Full disclosure, I own some shares in one of these companies and have previously invested in others mentioned in the article. No pump & dump post here.
Funny, Bush was supposed to be the free-market business president and nearly had a global meltdown while the Obama administration can boast of making these blue-chip firm's pension funds solid again.
Money talks and y'all know the other part.
October 20, 2013 5:17 am
US corporate defined benefit pensions gain some lift
By Ellen Kelleher
Retailer JC Penney offered lump-sum payments to former employees with vested stakes in its DB scheme
Funding levels of defined benefit pension schemes at
IBM,
General Motors,
Ford,
Boeing and other blue-chip companies in the US have experienced a welcome improvement in the past year, prompting some schemes to start taking risk off the table.
Funding ratios for the 100 largest DB pension plans at US companies, which boast close to $1.4tn in combined assets, rose to an eye-catching 91.4 per cent last month, having climbed from just 74 per cent in September 2012, according to Milliman, the actuarial firm. The improvement was largely due to shifting projections for interest rates, changes in strategy and stronger investment returns.
It marks the highest funding ratio for US DB schemes since the collapse of Lehman Brothers in October 2008.
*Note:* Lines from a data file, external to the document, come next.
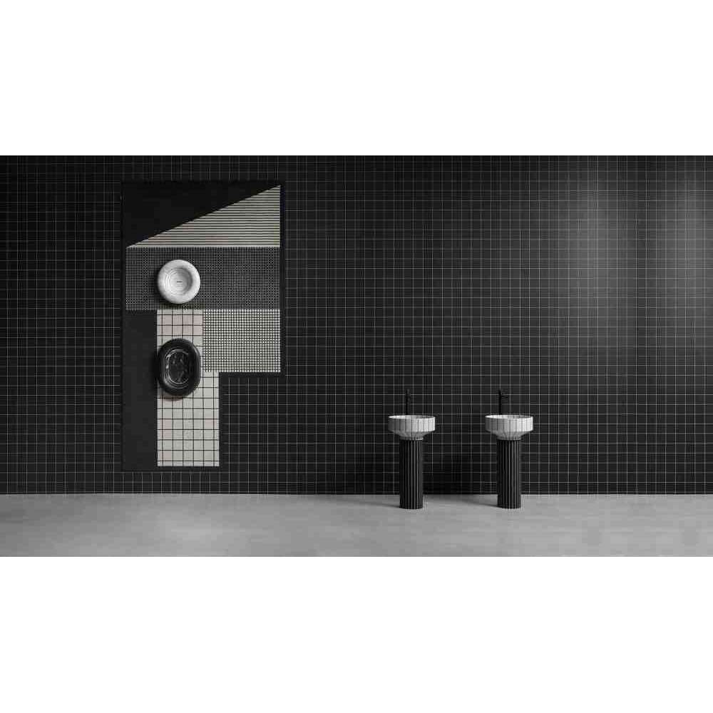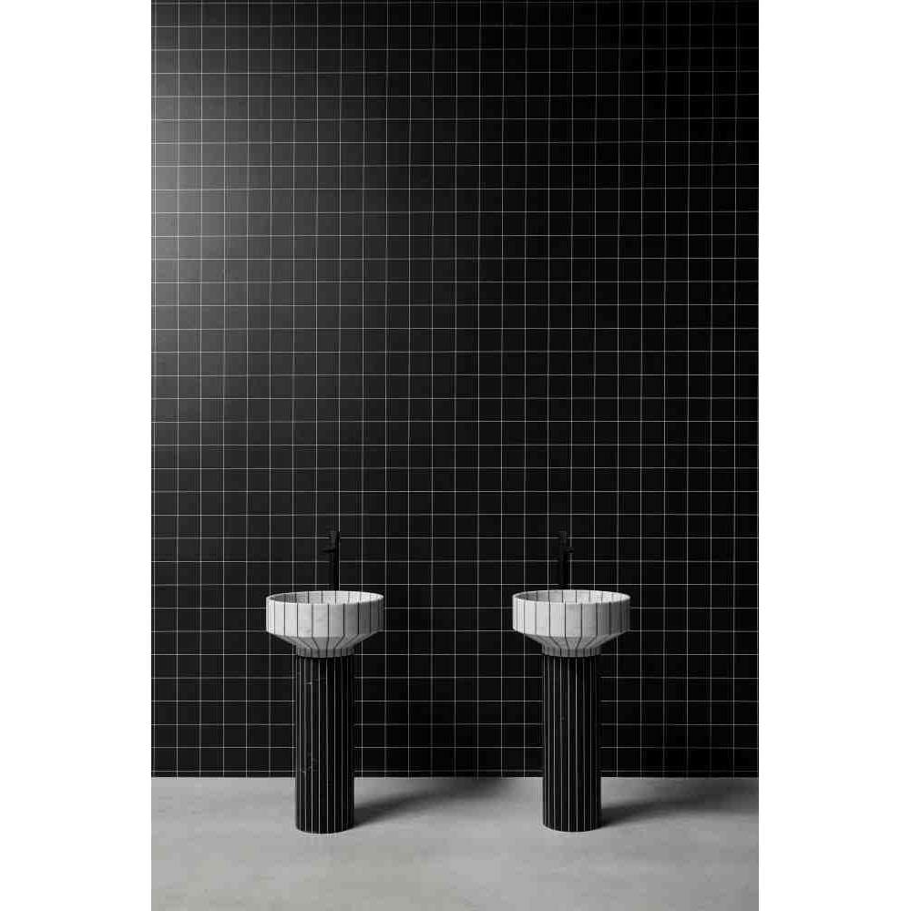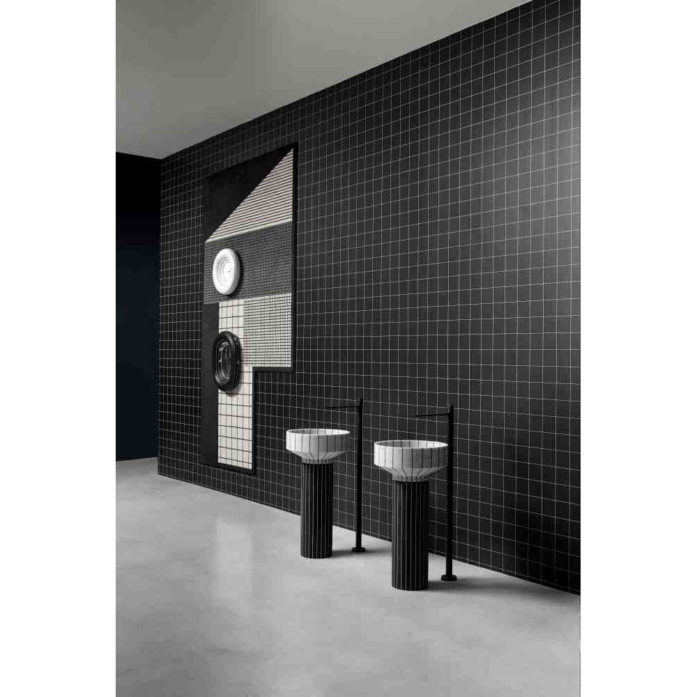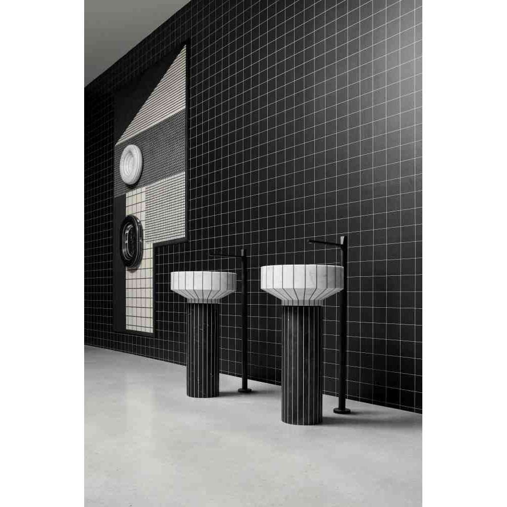 O24 to wolnostojąca umywalka marmurowa wykonana z 24 segmentów marmuru sklejonych żywicą w kontrastowym kolorze. 024 został zaprojektowany z uwzględnieniem aspektów związanych ze zrównoważonym rozwojem środowiska i wykorzystaniem materiałów pochodzących z recyklingu. Ten zlew, wraz z Gessati i Rigati, jest częścią kolekcji Tra_Le_Righe firmy Gumdesign dla antoniolupi.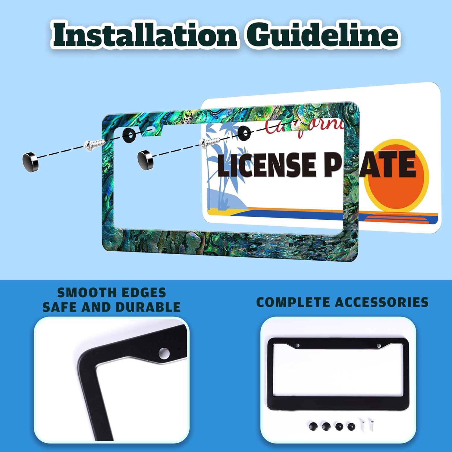 Faux Abalone License Plate Frame Funny Stainless Steel License Plate Holder for Front or Rear Car Tags for Car Decoration Accessories Rust-Proof with Screws 6.3 X 12.2 in for Women Men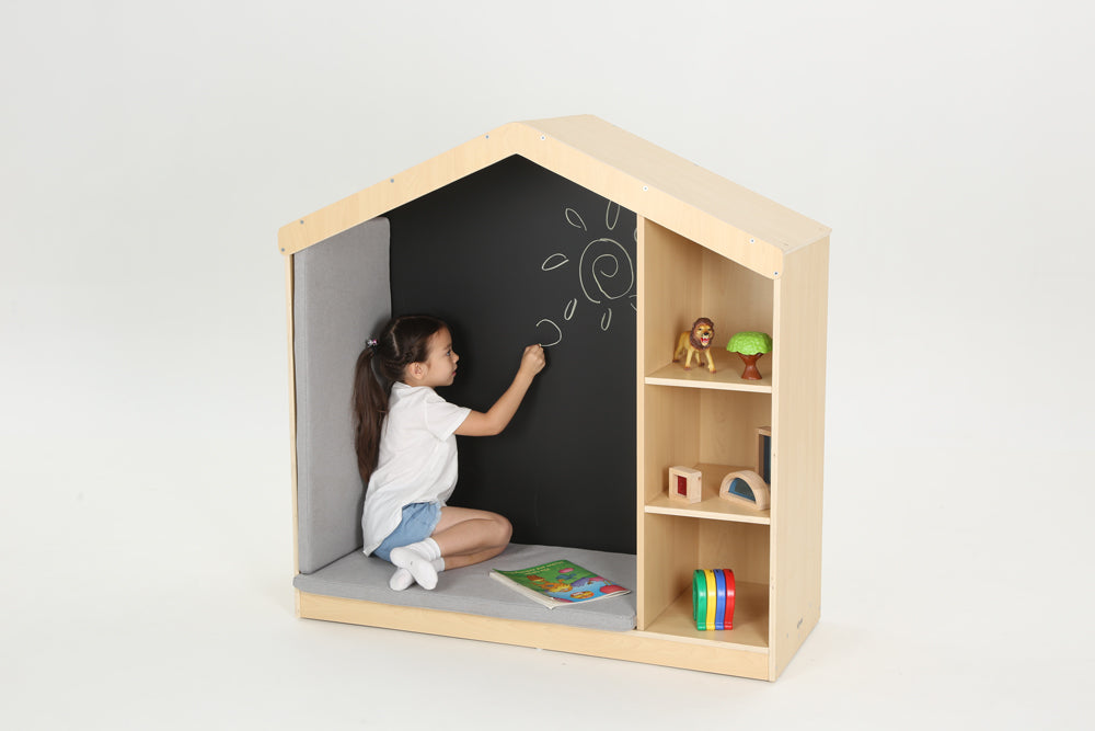 Einen gemütlichen Rückzugsort für Kinder bietet dieses Spiel- und Kuschelhaus. Bücher lesen, an der Kreidetafel malen oder sich selbst im Spiegel entdecken: das Kuschelhaus bietet zahlreiche Beschäftigungsmöglichkeiten.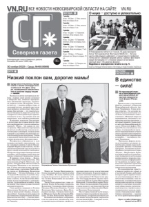 16+ Еженедельная газета Северного района. Основана 20 июля 1935 года ГАЗЕТА ПРОДАЁТСЯ ВО ВСЕХ ПОЧТОВЫХ ОТДЕЛЕНИЯХ РАЙОНА! ВСЕ НОВОСТИ НОВОСИБИРСКОЙ ОБЛАСТИ НА САЙТЕ VN.RU 30 ноября 2022 г. Среда, №48 (8989) Северная газета 1 декабря Ночью: –26. Днем: –17. Ясно, солнечно. Ветер юго-западный, 6 м/с. 2 декабря Ночью: –22. Днем: –17. Ясно, солнечно. Ветер юго-западный, 7 м/с. 3 декабря Ночью: –25. Днем: –17. Переменная облачность. Ветер западный, 2 м/с. 4 декабря Ночью: –25. Днем: –19. Переменная облачность. Ветер юго-западный, 6 м/с. 5 декабря Ночью: –23. Днем: –19. Переменная облачность. Ветер юго-западный, 11 м/с. 6 декабря Ночью: –18. Днем: –14. Пасмурно, небольшой снег. Ветер юго-западный, 10 м/с. 7 декабря Ночью: –15. Днем: –13. Пасмурно, снег. Ветер юго-западный, 12 м/с. ПОГОДА В Новосибирской области в течение 12 дней проходили более 160 мероприятий Фестиваля NAUKA 0+. На базе центра образования цифрового и гуманитарного профилей «Точка роста» Северной средней школы в рамках фестиваля среди обучающихся 7-х классов прошел естественнонаучный квест «По дорогам физики». Подробнее о мероприятиях читайте на стр. 4. ДАТА Низкий поклон вам, дорогие мамы! JСреди многочисленных праздников в нашем календаре есть особенный. Это День матери, посвященный самым близким и дорогим сердцу людям — мамам. Великая и святая материнская любовь с первых дней жизни согревает и оберегает нас, помогает преодолевать жизненные невзгоды, надеяться, верить в успех. И неважно, сколько нам лет, —мамино доброе слово, ее ласковый взгляд, мудрый совет нужны и ребенку, и взрослому. Празднование Дня матери — это замечательная возможность выразить свою благодарность и безграничную признательность за все, что делают для нас наши мамы, за их любовь и понимание. В пятницу, накануне Дня матери, в культурно-досуговом центре прошло мероприятие с трогательным названием: «Мама… чье сердце не знает границ». Праздничная программа включала в себя мастер-классы по изготовлению сувениров, награждение матерей за достойное воспитание детей и концертную программу. Также к празднику были подготовлены выставки рукоделия и фотовыставки. Поздравляя собравшихся в зале женщин-матерей с праздником, глава Северного района Сергей Владимирович Коростелев отметил, что великий материнский труд всегда был и будет самым почетным и значимым. Он вручил благодарственные письма матерям, чей бескорыстный труд уже принес и приносит прекрасные плоды. И первая в этом списке — Валентина Ивановна Альмухаметова. Она мама восьми дочерей. Много сил, терпения, материнской заботы вложила Валентина Ивановна в их воспитание. Сейчас шестеро из них уже имеют свои семьи, а младшие Люба и Вера учатся в г. Куйбышеве. Валентина Ивановна — богатая бабушка, у нее 11 внуков! И каждому из детей и внуков она уделяет внимание, дарит любовь и заботу. А еще Валентина Ивановна всегда позитивна и жизнерадостна, трудолюбивая хозяйка. А еще активная участница художественной самодеятельности. Глава района наградил и Галину Николаевну Кулакову, которая воспитала троих детей: Андрея, Александра и Ольгу. Сыновья и дочь выросли достойными и порядочными людьми. Доказательство тому — участие сыновей в специальной военной операции на Украине. Много лет Галина Николаевна работала медицинской сестрой в детском саду «Улыбка». Ее очень любили дети и уважали коллеги и родители. Сейчас Гал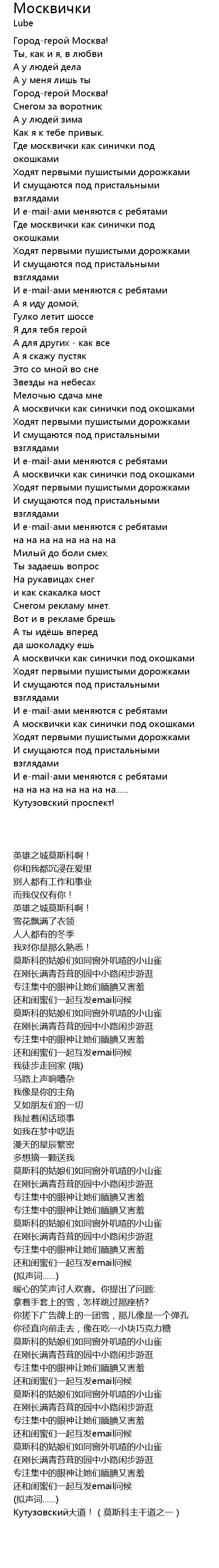 | [00:38.810] | 莫斯科的姑娘们如同窗外叽喳的小山雀 |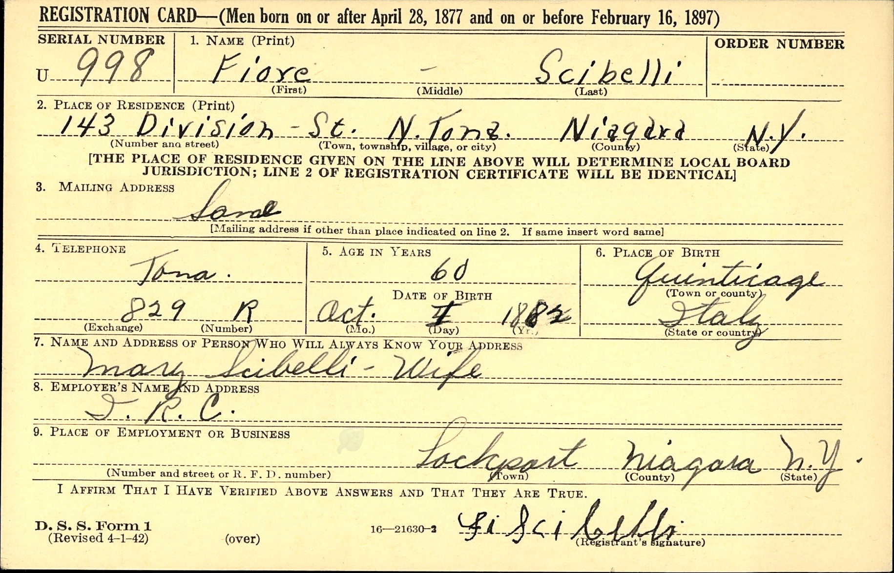 Elizabeth Scibelli (Schebell) were married. He died on February 20, 1973, at age 62, in North Tonawanda, Niagara, New York, USA. He was buried in Acacia Park Cemetery, North Tonawanda, New York.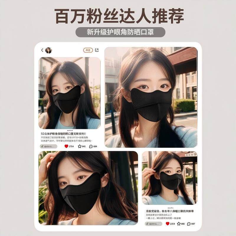 无痕凉感防晒口罩女防紫外线遮阳医美轻薄透气骑行冰防晒面罩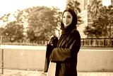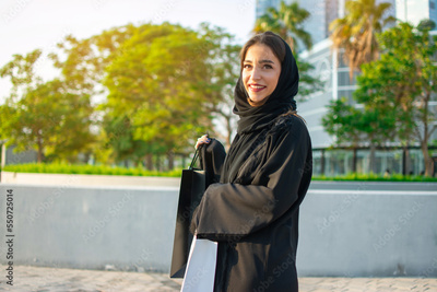 Young muslim woman enjoying shopping time in the city of Abu Dhabi. Beautiful Arabic woman with shopping bags on the street.
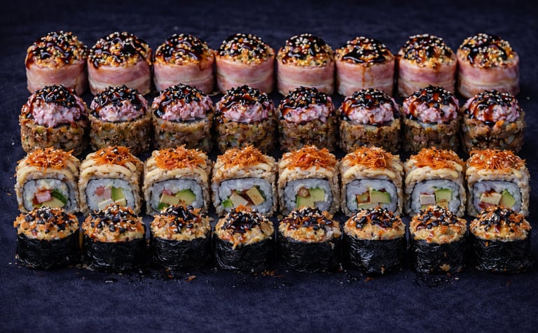 k04. nori drive (8 gb.) - lasis, paprika, tomago, krēmsiers, siera-bekona mix, 95 saldā mērce, unagi mērce,kraukšķīgi rīsi, panko, dehidrētas olīves
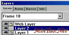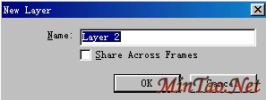 第四步:降落伞的第一阶段。本例的设计思想是,飞机刚要飞出画面以前,有一副降落伞从飞机上降下,降落伞的下降过程分为三个阶段:未张开时快速掉下,未张开到迅速张开,张开以后缓慢摇摆下降。本步骤为它的第一阶段。点击Frame面板左边的Layer(层),打开Layer面板,你会看到已经有了Web Layer和Layer1两个层,而Layer1(第一层)上放的就是我们前面做的飞机动画。点击Layer面板右上角的小三角形,选择New Layer(建立新层),弹出一个对话框,如图。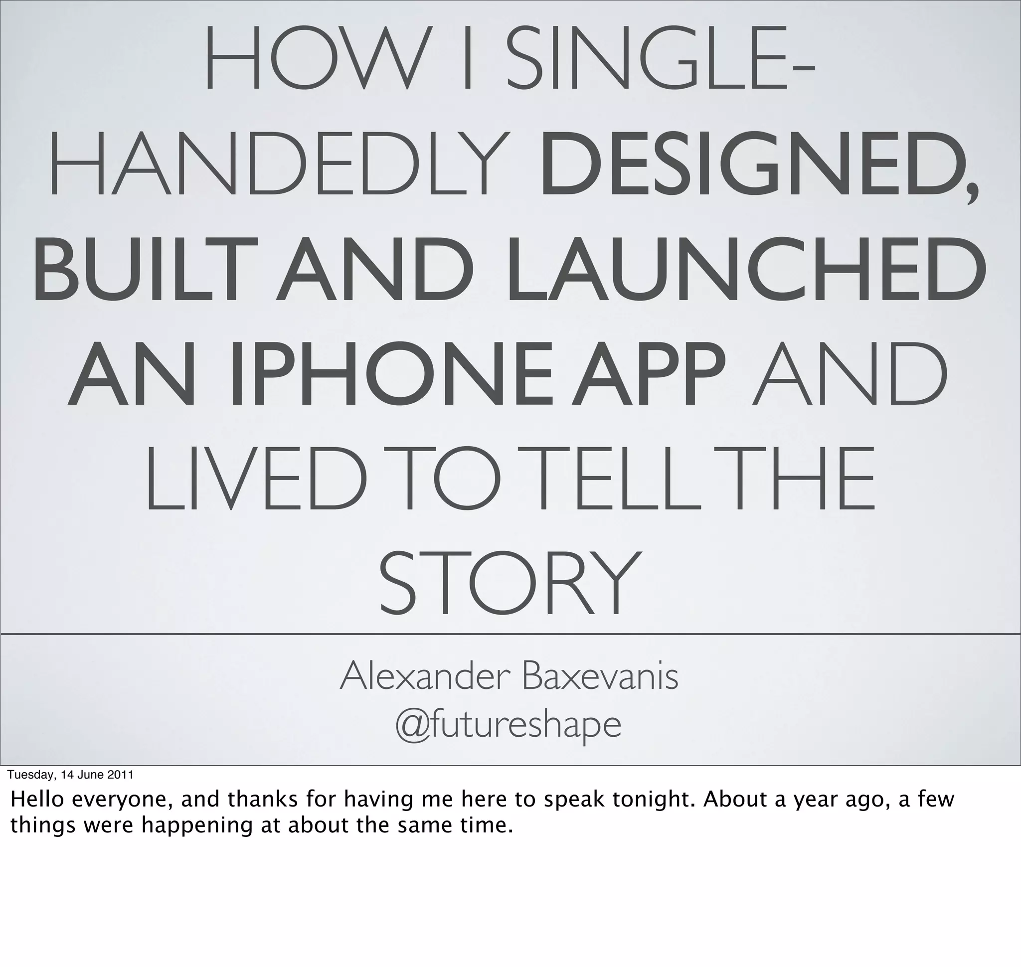 The document describes Alexander Baxevanis' experience in designing, building, and launching an iPhone app related to a cycle hire scheme in London, highlighting key lessons learned throughout the process. Baxevanis emphasizes the importance of using existing resources, shipping work rather than perfecting it excessively, and maintaining open communication with users for feedback. Ultimately, the experience taught him valuable insights about app development, user engagement, and the unpredictability of motivation over time.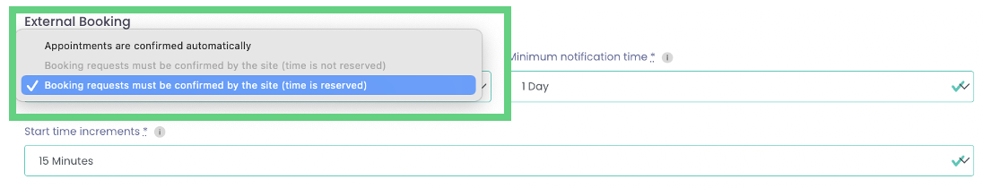 "Booking requests must be confirmed by the site": Here, each booking is initially considered a request that already "reserves" a slot in the calendar. The partner has to wait for your final confirmation. Appointments can also be rejected directly.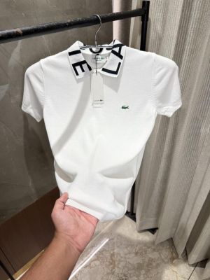 Lacost_e White Knitted polo Brand Collars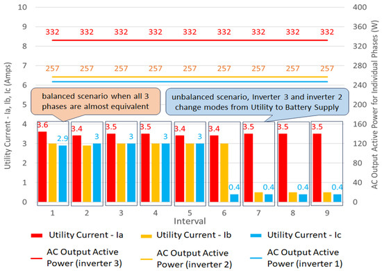 Figure 8 illustrates a laboratory-based three-phase supply network with a line-to-line voltage of 400 V and a line-to-ground voltage of 220 V. This network consists of single-phase inverters, each rated at 1 kW, and a backup battery of 12 V DC, 100 Ah, supplying single-phase varying loads.
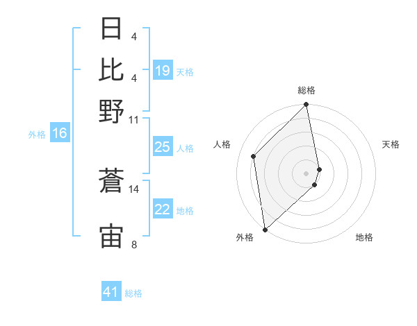 日比野 蒼宙さんの総格は41画の5点!

This process may have further to run. Actuaries at Milliman forecast that pension managers at the aforementioned 100 US companies will see their funding ratios rise to an impressive 98.1 per cent by the close of next year. Their deficits should drop from $132bn at the end of September to as little as $29bn over the same period, Milliman predicts.
John Ehrhardt, a principal and consulting actuary at Milliman, explains: “As interest rates come up, it will reduce the cost of maintaining these plans.”
He adds: “If the
Federal Reserve takes its foot off the floor on interest rates, rates could go up significantly.
“Generally, rising interest rates are good news for pension fund schemes because liabilities will go down as interest rates go up. But the more longer-duration bonds pension funds hold, the less of that good news they’ll see. That’s the big story for 2014.”
This burst of rosy news arrives at a time when US DB schemes are largely closed to new members as companies shift the burden of pension planning to employees by offering
401(k) plans – which are roughly equivalent to defined contribution programmes in Europe – in lieu of DB schemes.
However, there are a number of corporate stalwarts in the US whose DB plans are still open to further accrual by existing members, such as Boeing (which has a pension funding ratio of roughly 74 per cent),
General Electric (70.6 per cent),
AT&T (76.5 per cent),
Lockheed Martin (67.2 per cent),
ExxonMobil (63.4 per cent),
UPS (78.1 per cent),
Pfizer (71.8 per cent),
Johnson & Johnson (80.3 per cent) and
Federal Express (78.1 per cent).
Mr Ehrhardt notes that fund managers are changing their investment strategies as funding ratios improve for DB schemes. For example, to immunise the asset side of their balance sheet from further interest rate rises, more are investing in low-volatility equities or using derivatives as a hedging tool to remove some of the interest rate risk.
He also predicts that if market interest rates continue to rise, managers of “frozen” DB schemes, which are in run-off mode, will take advantage by offloading liabilities. “They’re telling me they want to get the cash in, wait for interest rates to rise and then dump the liabilities.”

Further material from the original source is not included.